## Source material

'''

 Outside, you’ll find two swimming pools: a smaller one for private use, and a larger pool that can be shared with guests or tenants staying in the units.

'''
'''

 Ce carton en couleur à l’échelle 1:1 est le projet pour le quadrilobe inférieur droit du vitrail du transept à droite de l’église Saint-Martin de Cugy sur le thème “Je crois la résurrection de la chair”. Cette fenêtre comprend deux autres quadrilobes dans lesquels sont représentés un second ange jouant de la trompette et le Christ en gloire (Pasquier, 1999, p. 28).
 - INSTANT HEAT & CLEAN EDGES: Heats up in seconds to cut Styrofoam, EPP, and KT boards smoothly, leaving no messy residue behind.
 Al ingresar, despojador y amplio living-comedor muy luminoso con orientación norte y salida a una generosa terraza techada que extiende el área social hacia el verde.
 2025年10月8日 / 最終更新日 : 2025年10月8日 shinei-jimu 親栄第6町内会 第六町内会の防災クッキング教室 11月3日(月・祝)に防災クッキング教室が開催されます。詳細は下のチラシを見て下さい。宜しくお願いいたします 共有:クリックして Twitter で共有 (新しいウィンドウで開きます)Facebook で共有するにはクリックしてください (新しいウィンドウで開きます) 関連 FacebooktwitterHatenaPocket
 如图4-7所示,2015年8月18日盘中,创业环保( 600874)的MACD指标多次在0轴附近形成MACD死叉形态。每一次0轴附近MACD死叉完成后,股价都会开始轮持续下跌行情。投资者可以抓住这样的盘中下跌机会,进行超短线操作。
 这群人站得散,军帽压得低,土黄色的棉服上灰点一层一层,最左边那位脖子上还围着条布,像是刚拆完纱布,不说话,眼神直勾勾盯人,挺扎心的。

'''
'''

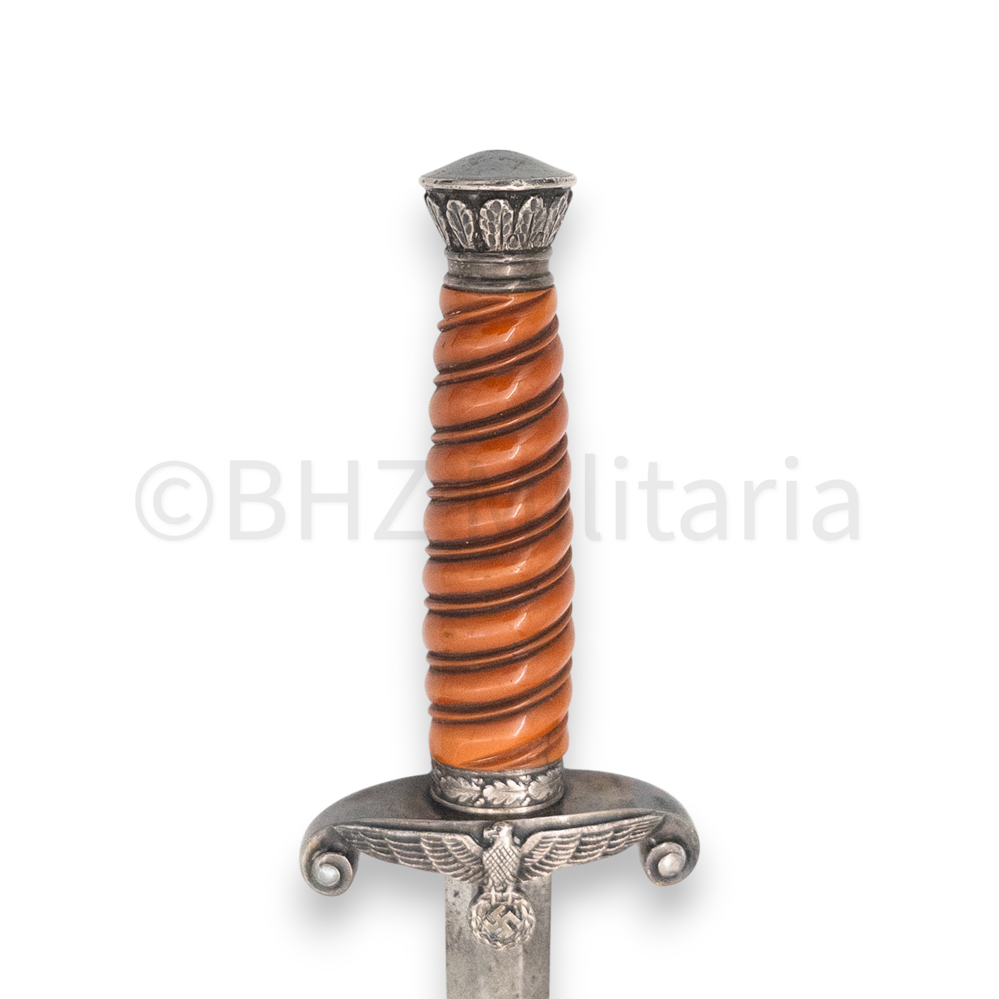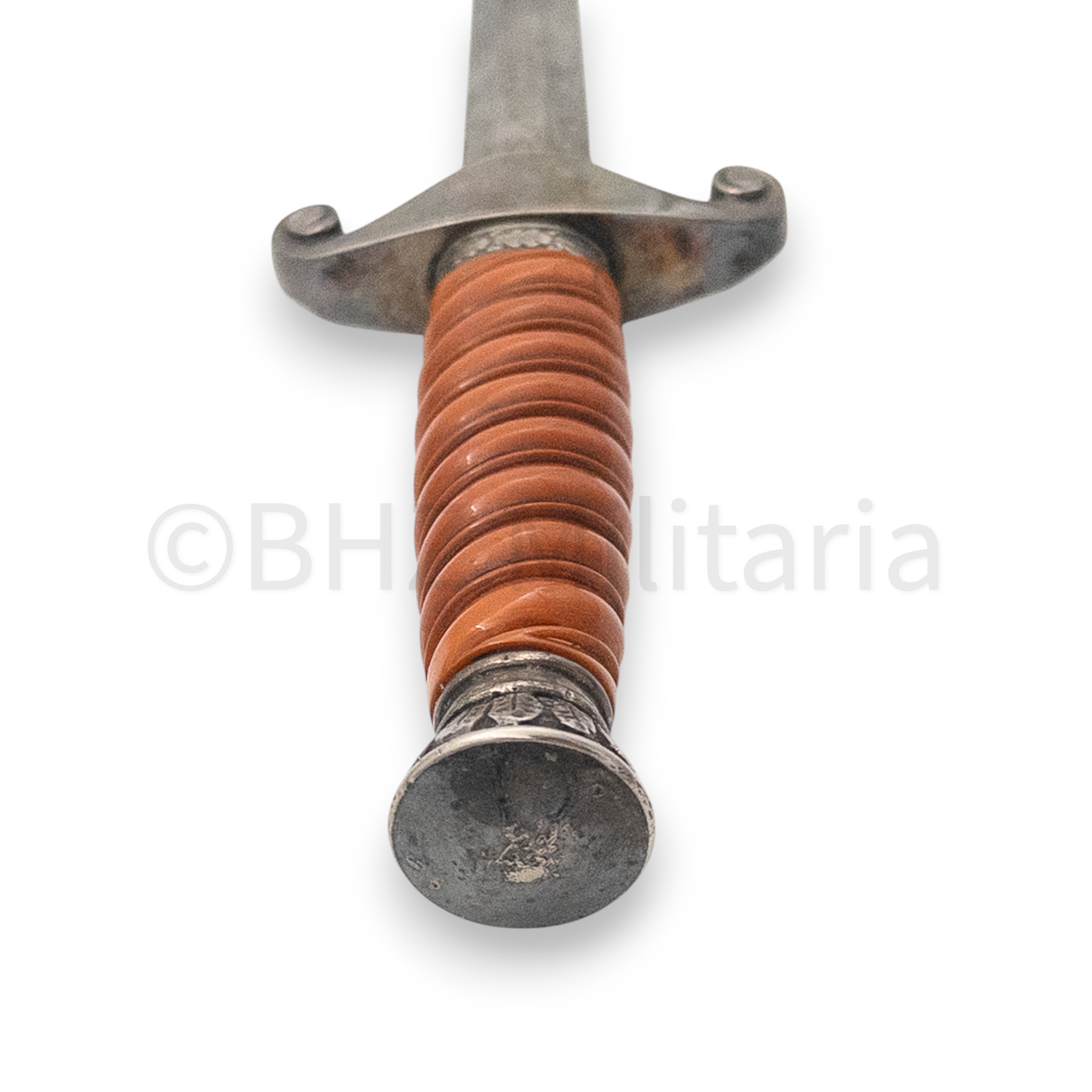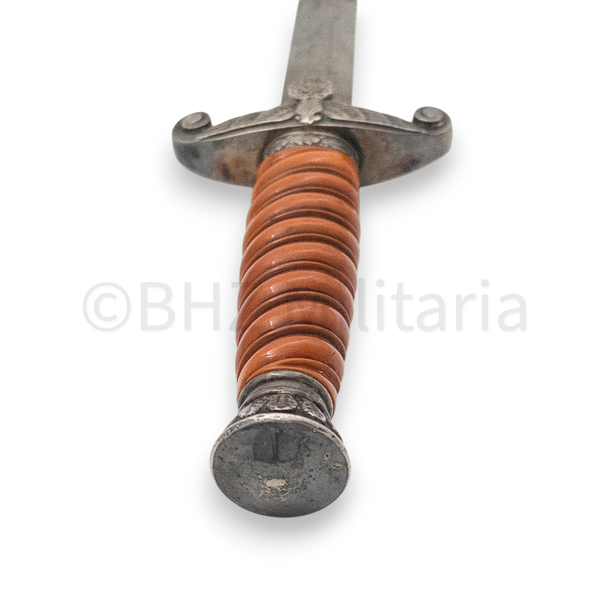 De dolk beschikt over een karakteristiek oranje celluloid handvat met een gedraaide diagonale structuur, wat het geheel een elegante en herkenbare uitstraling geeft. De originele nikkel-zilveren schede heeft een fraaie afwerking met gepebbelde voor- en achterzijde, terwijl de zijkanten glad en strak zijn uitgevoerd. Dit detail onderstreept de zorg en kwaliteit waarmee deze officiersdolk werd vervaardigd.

'''

## Description of the task
Looking at the records above, return exactly the lines from the line with "Al ingresar, despojador" to the line with "这群人站得散,军帽压得低,土", both ends included.

## Result of this exercise
 Al ingresar, despojador y amplio living-comedor muy luminoso con orientación norte y salida a una generosa terraza techada que extiende el área social hacia el verde.
 2025年10月8日 / 最終更新日 : 2025年10月8日 shinei-jimu 親栄第6町内会 第六町内会の防災クッキング教室 11月3日(月・祝)に防災クッキング教室が開催されます。詳細は下のチラシを見て下さい。宜しくお願いいたします 共有:クリックして Twitter で共有 (新しいウィンドウで開きます)Facebook で共有するにはクリックしてください (新しいウィンドウで開きます) 関連 FacebooktwitterHatenaPocket
 如图4-7所示,2015年8月18日盘中,创业环保( 600874)的MACD指标多次在0轴附近形成MACD死叉形态。每一次0轴附近MACD死叉完成后,股价都会开始轮持续下跌行情。投资者可以抓住这样的盘中下跌机会,进行超短线操作。
 这群人站得散,军帽压得低,土黄色的棉服上灰点一层一层,最左边那位脖子上还围着条布,像是刚拆完纱布,不说话,眼神直勾勾盯人,挺扎心的。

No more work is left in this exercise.